Pendant que des anachronismes suivent avec dédain le parcours de l’enseignement de tamazight, on suggère alternativement le tifinagh et la graphie arabe comme supports. N’en ayant cure, enseignants, inspecteurs et autres pédagogues continuent, eux, de marquer des avancées considérables sur le terrain pédagogique.
Ce saut qualitatif est rendu possible grâce à la détermination des uns et des autres de faire avec » tamâamrit « , en cours depuis près d’un siècle, de ne prêter oreilles à aucun ‘’bruit idéologique’’ et de tenir compte, uniquement, de la dimension scientifique de la question.
Cette attitude semble être adoptée par quasiment l’ensemble des intervenants dan l’univers de l’enseignement de tamazight. Chose qui n’a pas été le cas au tout début de l’aventure où, sans aucune assise et livré à lui-même, l’enseignant faisait dans l’improvisation. Il confondait même entre enseignement d’une langue et enseignement de l’histoire. Cette improvisation sera vite rattrapée par des formations cycliques organisées par divers intervenants. Ainsi, tamazight s’est peu à peu débarrassé du leitmotiv » anerrez wala aneknu » et surtout des considérations politico-partisanes. Aujourd’hui et à la faveur de la nouvelle approche que l’on dénomme, la pédagogie de projet, même l’enseignement purement grammatical parait désuet. Cette nouvelle méthode qui semble avoir les faveurs du corps enseignant consiste, en résumé, à valoriser l’élève qui n’est plus ce sujet qui subit » taseftit » et autres fadeurs grammaticales, mais un élément du triptyque inspecteur-enseignant-apprenant qui a son mot à dire et surtout sa sensibilité à faire valoir dans l’élaboration du projet.
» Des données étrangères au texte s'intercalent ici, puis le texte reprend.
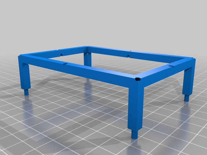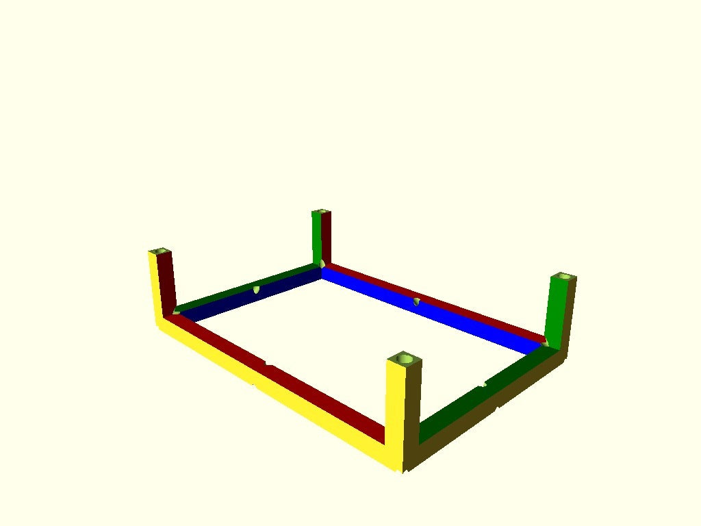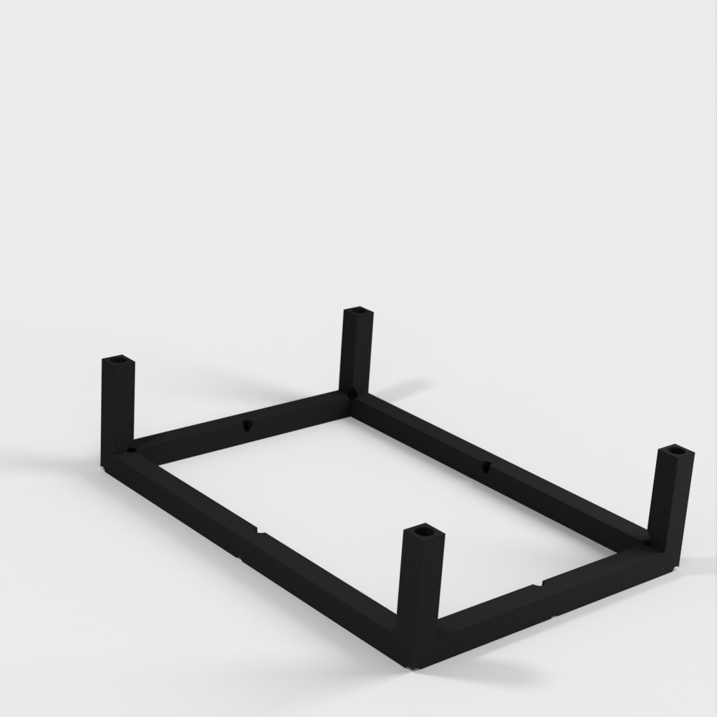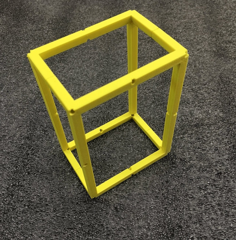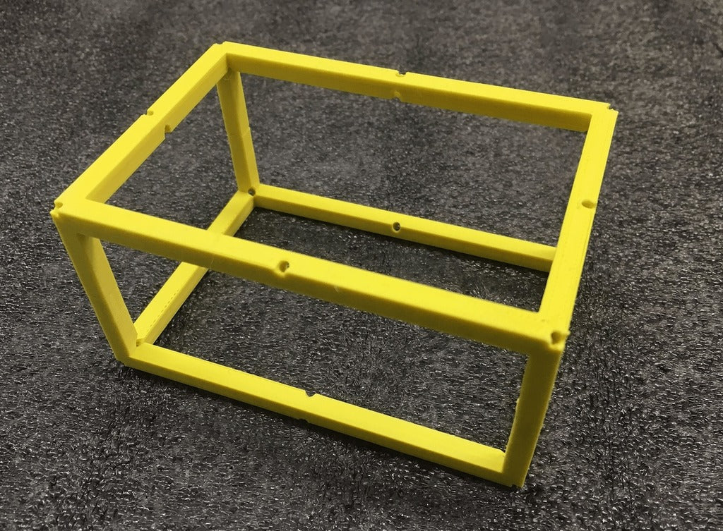 Ta prostopadłościenna rama składa się z dwóch części, dzięki czemu drukowanie jest łatwiejsze i szybsze - nie trzeba wykonywać żadnych podpór. Jest to projekt openscad, więc można go łatwo dostosować do własnych potrzeb. Dołączony plik .stl ma następujące wymiary (wysokość, szerokość, długość): 50x70x100mm

Cette nouvelle méthode permet l’acquisition implicite des éléments de la langue que le projet intègre. L’élève devient en quelque sorte ce Monsieur Jourdain qui faisait de la prose sans le savoir. Mais, au-delà de l’apprentissage de la langue, cette pédagogie de projet nous semble être une approche qui permet de hisser haut l’élève, ce petit citoyen qui un jour deviendra adulte. Cela nous l’avions compris, lundi dernier, en rendant visite aux enseignants en séminaire. Chrifa, Mmis l’hadj, Djamal, Nacer, Ramadane, Yahia, kahina, Xalti… (C’est ainsi qu’ils s’interpellent) ne sont plus universitaires, inspecteurs et enseignants détenteurs de savoir, mais des ressources s’enrichissant mutuellement.
Nous avons assisté à un forum –fonctionnant comme une thérapie de groupe – qui avait pour thème générique l’évaluation. Chacun des intervenants faisait part de son expérience et ou de son appréciation.
Une enseignante parlera de son élève de 20 ans, handicapée. Son témoignage émouvra l’assistance. Secondée par son enseignante, cette élève prendra part à l’élaboration du projet décidé de commun accord.
Il s’agissait de produire un conte que son handicapée, qui n’en sera pas une dans ce contexte, illustrera par des dessins. Et c’est peut-être ceci la pédagogie de projet : surpasser handicap de quelque nature qu’il soit.